Compensation payments to Zim farmers dispossessed of land commences

While the process of initial compensation payments to farmers who had been dispossessed of land in Zimbabwe were reported to be proceeding smoothly by Zimbabwe’s government and Zimbabwe’s Valuation Consortium (Valcon), these claims have been branded as “misleading” and “inaccurate” by role players in the country.

Compensation payments to Zim farmers dispossessed of land commences
- Advertisement -

In a statement on 9 April, the government said that it had begun fulfilling commitments to compensate dispossessed farmers with a first round of claims amounting to US$3,1 million (about R58,6 million).

Minister of Finance, Economic Development, and Investment Promotion Prof Mthuli Ncube said 740 farms had been processed so far.

This initial payment had been disbursed for the first batch of 378 processed farms and was compensation for improvements made to the land by the dispossessed farmers, and not the land itself.

- Advertisement -

“This amount is 1% of the total compensation claim value of US$311 million (R5,88 billion),” he stated.

According to Wendy de la Fargue of Valcon, the first batch of compensation payments had commenced and was “progressing well”.

Valcon had been involved in compiling the database, negotiating compensation values and administering the claims process.

She told Farmer’s Weekly that this first payment was the result of the new Farmers Compensation Agreement (FCA) signed in 2024 to replace the US$3,5 billion (R66 billion) Global Compensation Deed (GCD).

In a letter by Ben Freeth, spokesperson for the SADC Tribunal Rights Watch, the GCD, signed in July 2020, was a “murky deal” in which farmers were unable to consult with lawyers before it was signed on their behalf by their so-called representatives.

“The document has been described by some lawyers as ‘the worst billion-dollar agreement ever signed’,” Freeth wrote in his letter. “There were no penalties if government failed to pay. Five years later, the government has defaulted on the deed and the GCD can be considered dead.”

Moreover, Freeth added that the GCD was only negotiated on behalf of farmers whose farms had been valued by Valcon.

“Farmers whose land had been valued by alternative valuers, were excluded from the offer and left to their own devices,” he wrote.

Farmers Compensation Agreement

De La Fargue said the FCA was devised and signed by Ncube in 2024. The total compensation amount of US$3,5 billion (R66 billion) in the old GCD had been retained, but the deal had been restructured from one that would have been a cash transaction to a mixed payment of cash and US-dollar-denominated treasury bonds.
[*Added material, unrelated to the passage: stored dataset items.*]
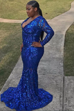Promfast Trendy Royal Blue V neck Long Sleeve Mermaid Plus Size Sequined Prom Dress PFP2181
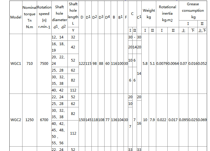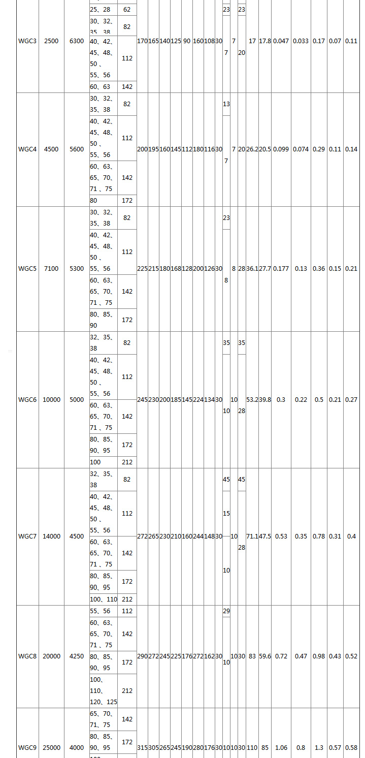 WGT type - connected to the middle sleeve type, suitable for two-axis long-distance connection, the allowable speed [n] depends on the length and quality of the intermediate sleeve, and the critical speed should be checked;
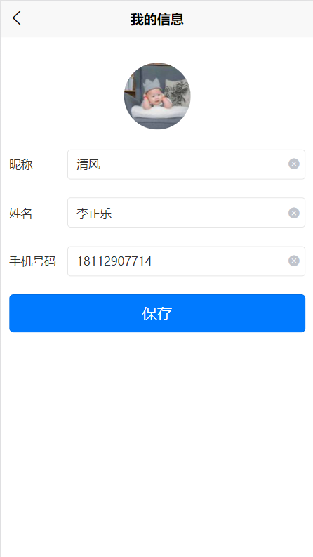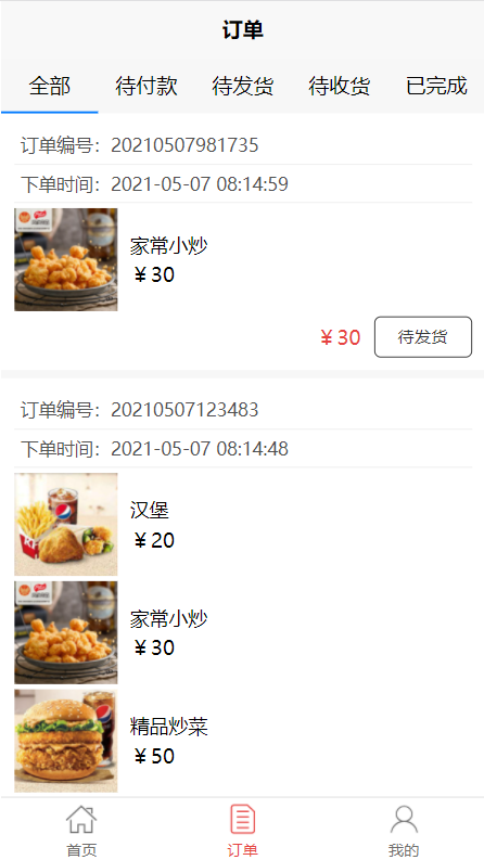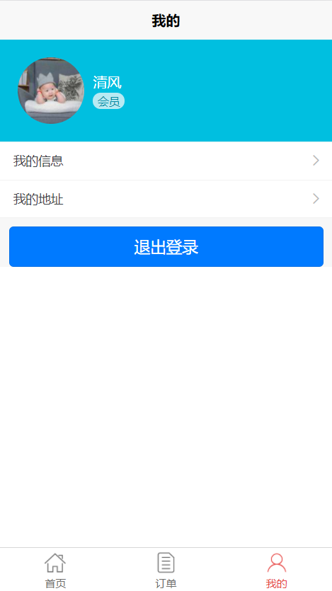 个人中心显示我的信息(可编辑),我的订单(包含取消,支付,完成,评价),我的地址
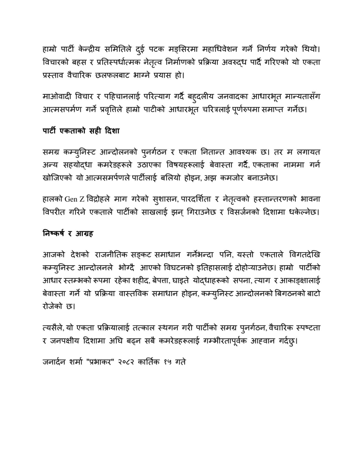 माओवादी केन्द्र पार्टीको आज सबेको सचिवालय बैठकमा जनार्दन शर्मा प्रभाकरले केहि सिमित ब्यक्तिको स्वार्थ र पार्टीको महाधिबेशन टार्नका लागि गर्न खोजिएको उनको भनाई छ । नेकपा माओवादी केन्द्र र एकिकृत समाजवादीको एकता प्रक्रियालाई तत्काल स्थगन गरी पार्टीको समग्र पुनर्गठन, वैचारिक स्पष्टता र जनपक्षीय दिशामा अघि बढ्न सबै कमरेडहरूलाई गम्भीरतापूर्वक आह्वान गरेका छन ।
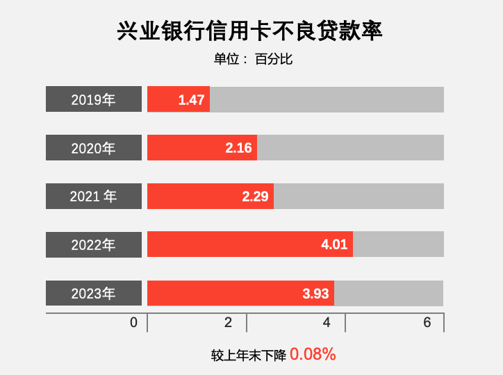 截至2023年末,兴业银行信用卡不良贷款率 3.93%,较上年末下降 0.08 个百分点,风险指标高位回落;
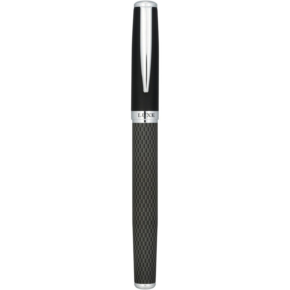Pour une différence subtile en noire, ce lot au design exclusif composé d'un stylo à bille et d'un stylo roller a une finition imprimée en fibre de carbone. Pochette de protection de qualité incluse, emballage dans une boîte cadeau « LUXE ».
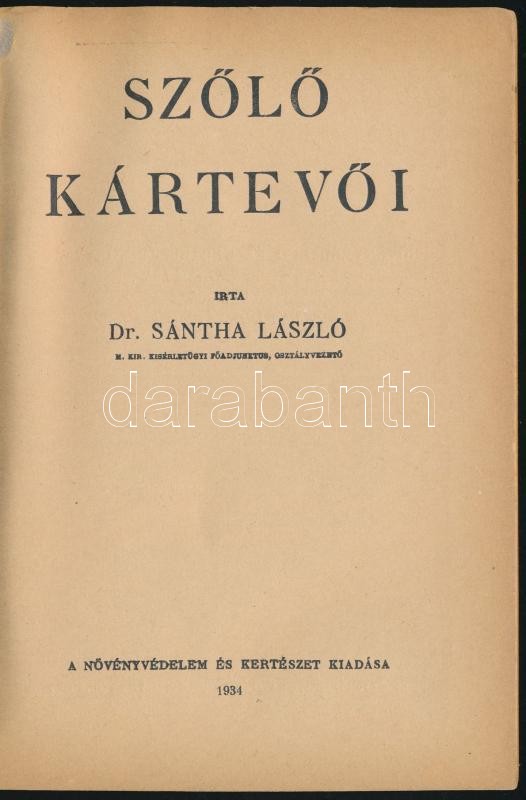 Növényvédelem és kertészet könyvtára 2 kötete (III.,VI.) szőlészet témában: Dr. Sántha László: Szőlő kártevői.;
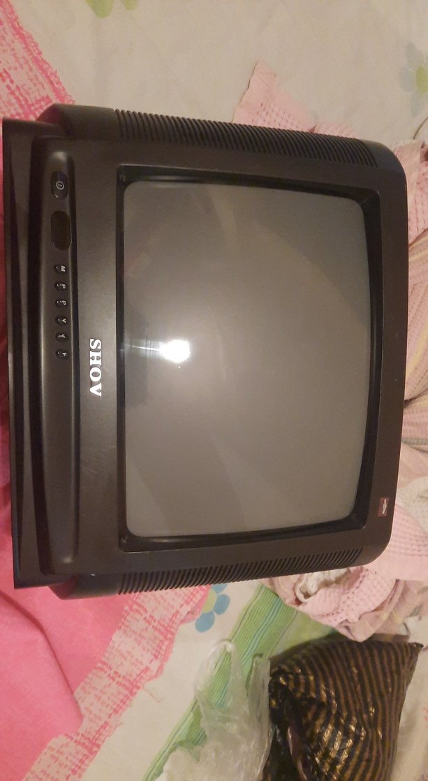 Ön panelinde manuel kontrol düğmeleri bulunan klasik kavisli ekrana sahip gri SHOV CRT televizyon hasarsız calışır durumda kumadayı bulursam beraber yollanır yoksa satılıyor
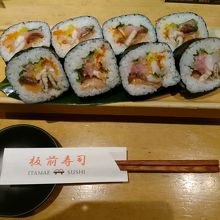 節分の日に利用したため、海鮮恵方巻をいただきました。テイクアウトで買われている方が多かったが、座席には方位磁石が置いてありました。オーダーのときには店員さんには、切るかどうかきかれました。おいしかったです。

De La Fargue said although it was not ideal for farmers to only receive a small portion in cash, it was the best that government could do at this time.

‘Thousands left uncompensated’

However, the claims of compensation made by the government have been labelled as misleading by the Compensation Steering Committee (CSC), the legally-mandated body representing the majority of dispossessed farmers.

In a statement issued on 15 April, the CSC accused the Zimbabwean government of inaccurate claims regarding the settlement of compensation obligations.

“In reality, only a small token payment has been made and thousands of farmers (the significant majority by number) remain uncompensated. The limited number of farmers who have accepted the government’s revised deal have generally done so because they are destitute and require urgent funds for food,” the CSC said.

According to the CSC, more than 4 500 commercial farmers lost their “homes and livelihoods during state-sanctioned land seizures in the early 2000s”.

It said that the US$3,5billion negotiated in the GCD was discounted compared to estimates by the Commercial Farmer’s Union (CFU) of over US$10 billion (R189 billion). Even so, the discounted offer never materialised.

“Instead, in 2023, the government offered an alternative payment schedule in government treasury bills over 10 years, heavily weighted towards years five to 10. A token 2% interest rate was added, [compared] to regional US dollar interest rates of 10% to 20%,” the CSC stated.

It said the revised offer was rejected by the majority of farmers it surveyed in April 2023.

“The bottom line is that government’s recent payments represent a tiny fraction of the GCD’s US$3,5 billion, which is already a substantial discount on the actual value of the properties, and these payments have reached fewer than 10% of farmers,” said Deon Theron, acting chairperson of the CSC and former president of the CFU.

The CSC, which was appointed by the CFU, the Southern African Commercial Farmers’ Alliance (SACFA) and the Southern African Agri Initiative (SAAI), said the latest proposal to issue long-term unsecured bonds had been rejected as a compensation mechanism. It said the FCA did not offer a substantive solution, and did not meet the constitutional obligations of the government of Zimbabwe.

It called on the government to “engage openly and constructively to resolve the compensation issue properly”.

This article has been updated with additional comment from Ben Freeth, spokesperson for the SADC Tribunal Rights Watch and the Compensation Steering Committee on 16 April 2025 at 14:05.